Written by 8:17 am Parenting

SM Blogmums : Baby : Sleep-training

Sleep is one of the biggest worries on a parent’s mind. Most days (and nights) we wish we had more of it.

I read up on sleep training and the cry-it-out (CIO) method a few years back when I had my first child. But I decided it wasn’t suitable for us. I distinctly remember trying to let Vera cry it out once, and after one whole hour and lots of sweat and tears later, we were both crying. I truly felt like a horrible mother.

Fast forward to today, and I can say that Josh, our youngest, has been quite an easy baby. Yes of course he cries when he needs something or someone (usually me), but on the whole he’s quite happy and contented. Since he was three or four months old, I noticed that he was easily settled, and even fell asleep on his own on good nights.

He’s now seven months old. A few weeks back, he started to sleep poorly. That means that I had to rock him, and after being put down to bed for the night, he’d wake up crying for help to go back to sleep again. On bad nights, there would be constant waking every one or one and a half hours.

At first, I just put it down to temporary regression, perhaps due to him making a developmental leap. (He was learning to sit up, and also crawl around the time.)

But as the nights drew on, I got more tired and frustrated. I thought about sleep training him, but hesitated. The final straw came when my helper had to leave. Without a helper, I felt I needed to make some improvements in a hurry, so that I can be freed up to get proper rest, and to take care of my family. So I finally took some action.

I moved Joshua from my mattress back into his cot, and gave him three nights to adjust back to sleeping in the cot.

Once he was comfortable in the cot, I let him practise crying for five minutes the first time he woke after being put down to sleep, then 10 minutes the next time we woke again. After each time, I would go in and tell him, “Okay okay, it’s sleeping time.” I also picked him up to soothe him for a few minutes.

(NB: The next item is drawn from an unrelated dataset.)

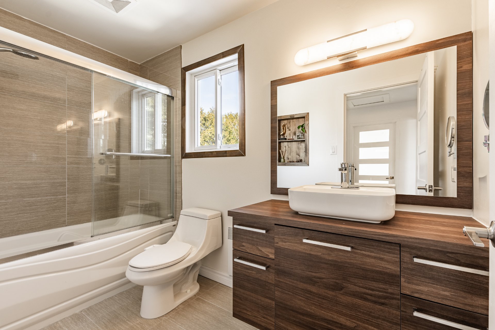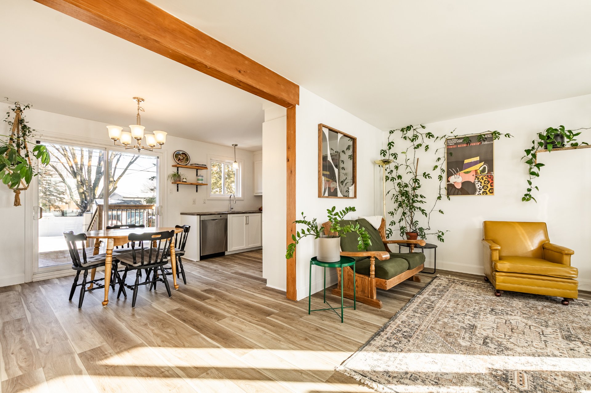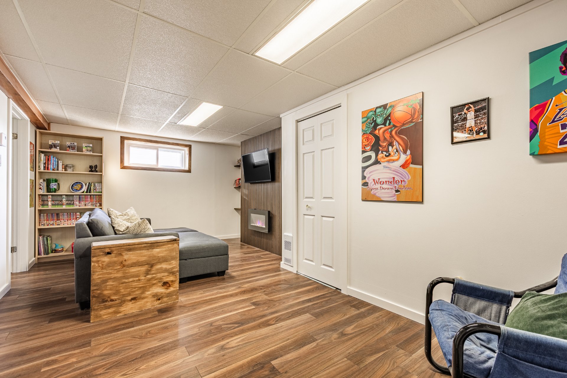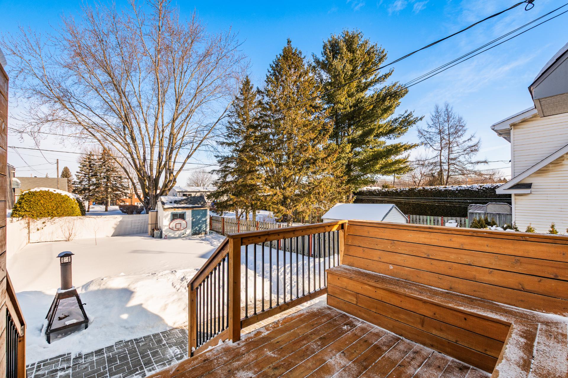 Charming semi-detached home offering 3 bedrooms, 1 full bathroom and 1 powder room, ideally located directly across from Parc de la Joie-de-Vivre. Landscaped lot with a large wooden deck and privacy wall, perfect for entertaining. Asphalt driveway with parking for 3 vehicles. Two bedrooms on the upper level, including a spacious primary bedroom that could easily be divided to create an additional bedroom. Finished basement featuring a family room, bedroom, storage space and laundry area. Quick access to Highways 10 and 35, in a sought-after family-friendly neighborhood close to schools and services.

After about two nights of waking and crying between 7pm and 11pm, I thought he had finally got it.

The next night, he stirred and cried for a few seconds. And then quiet. I didn’t even go into the room to check on him. Then after a while, he woke again. And the same thing happened. After a few cries, he was quiet again.

Around 1030-11pm, I fed him and put him back into the cot. Then he’d go to sleep till 3 or 4am, when he’d have a small feed. And then he’d sleep all the way till dawn.
baby sleep feet

Compared to several wakings between 7 and 11pm, and during the night, this was a lot better and I was a lot happier! I was also thankful that I did not have to put up with long periods of crying and fretting during the mini training sessions that he went through.

Here’s what I learnt from this experience:

1. Sleep training need not be so scary after all. It also does not need to be harsh or involve prolonged periods of crying.

2. If you choose to sleep-train your child, always make sure he is in a cot or a bed with secured sides.

3. Do not worry if everything goes goes out-of-whack for one or two nights. Tell yourself that you can try again tomorrow.

4. Get the support of your spouse or other care-givers so they understand what you are trying to achieve.

5. Work towards an early bedtime. Young babies are primed to sleep early, around 7-8pm. If bedtime is too late, they could be over-tired and more resistant to sleep or sleep-training.

6. Keep a consistent bedtime routine. Such as, bath, change into pajamas, song or story-time, and then a kiss or cuddle before saying goodnight.

For help on establishing routines, Gina Ford provides some helpful principles and guidelines. For gentle methods of sleep training, or weaning your child off sleep associations, you can try reading Elizabeth Pantley’s book The No-Cry Sleep Solution.

Have you sleep-trained your child before? What was your experience like?